Two hostile sides, both aware of each other? Sounds like initiative time. Having a door between them doesnt matter. Why would it?

If your bad guys win they can use the ready action ready a shot for when a PC opens the door. If the PCs win, they get the door open as your bad guys scramble for their weapons and storm in and slay them.

If one of the sides is not aware of the other, its surprise. On round one your PCs can kick in the door, and slay everything in there on round 1 with impunity, or your Bad guys quietly ready bows.

Unaware PCs:

PC: I sneak up to the door.
DM: Roll your Stealth mate.
PC: (rolls) 14.
DM: Rolls perception for the guards behind screen, scores a total of 15. Awesome. Now what?
PC: I listen at the door.
DM: Whats your perception bonus?
PC: +5
DM: Rolls behind his screen for the PC, rolling a 3 for a total of 8. Notes that the Guards Stealth check result was 12. (Bluffing) You rolled well! You hear nothing mate.
PC: OK; I open the door.
DM: On the other side of the door, are 3 Guards wih bows drawn, arrows nocked. They heard you! Roll initiative, you're surprised on round one.

Aware PCs:

PC: I listen at the door.
DM: Notes the PCs perception beats the stealth score of the Guards by 5; decides that this not only hears the guards, but gives some information on what they are doing as well You hear whispering on the other side of the door, and the sound of mail clad boots scraping on the cobblestones. You guess there are around 3-4 humanoids on the other side of the door. One of them is quietly directing the others to get their bows in the Common tongue.
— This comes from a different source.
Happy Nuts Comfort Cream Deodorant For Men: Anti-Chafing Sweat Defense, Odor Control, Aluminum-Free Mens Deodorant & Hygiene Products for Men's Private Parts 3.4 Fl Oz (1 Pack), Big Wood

Roll initiative, both sides are aware of each other now.


They aren't evaluating the scene when the door is open, they are firing whenever it shows movement. You can attribute it to surprise, but you are decreasing the theatric opportunities in your games. A more open style rewards innovation and creates much more enjoyable games.
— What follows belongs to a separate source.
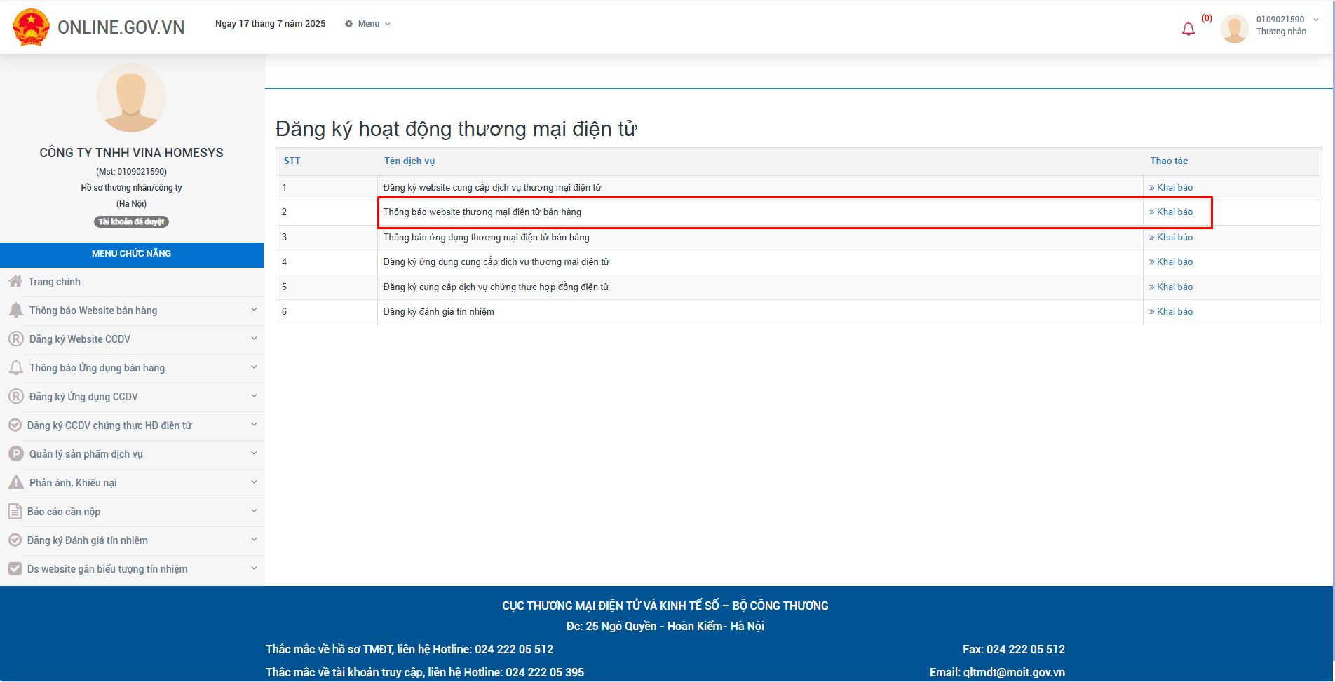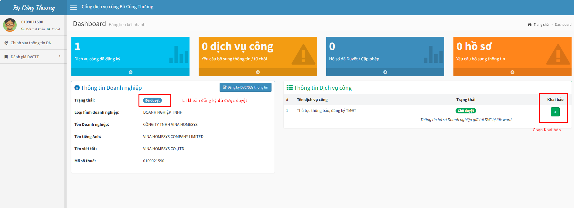 - Sau khi tài khoản được duyệt → Chọn “Khai báo”

Actually, youre doing this. Youre arbitrarily awarding a side a free rounds worth of actions.

There is no need; the rules already allow for what you're describing.

Contrast
2017-02-06, 05:10 AM
Nope. It increases your allowed movement. It doesn't include actually moving.

Normally, you can move up to your speed on your turn. The dash action allows you to gain extra movement equal to your speed for the current turn.

Seems to work perfectly fine as a readied action to me.

Coffee_Dragon
2017-02-06, 09:29 AM
Normally, you can move up to your speed on your turn. The dash action allows you to gain extra movement equal to your speed for the current turn.

Seems to work perfectly fine as a readied action to me.

Ready allows you to take an action, or move your speed. If you take an action nothing says you also get access to a movement pool. No general right to move on other people's turns exists.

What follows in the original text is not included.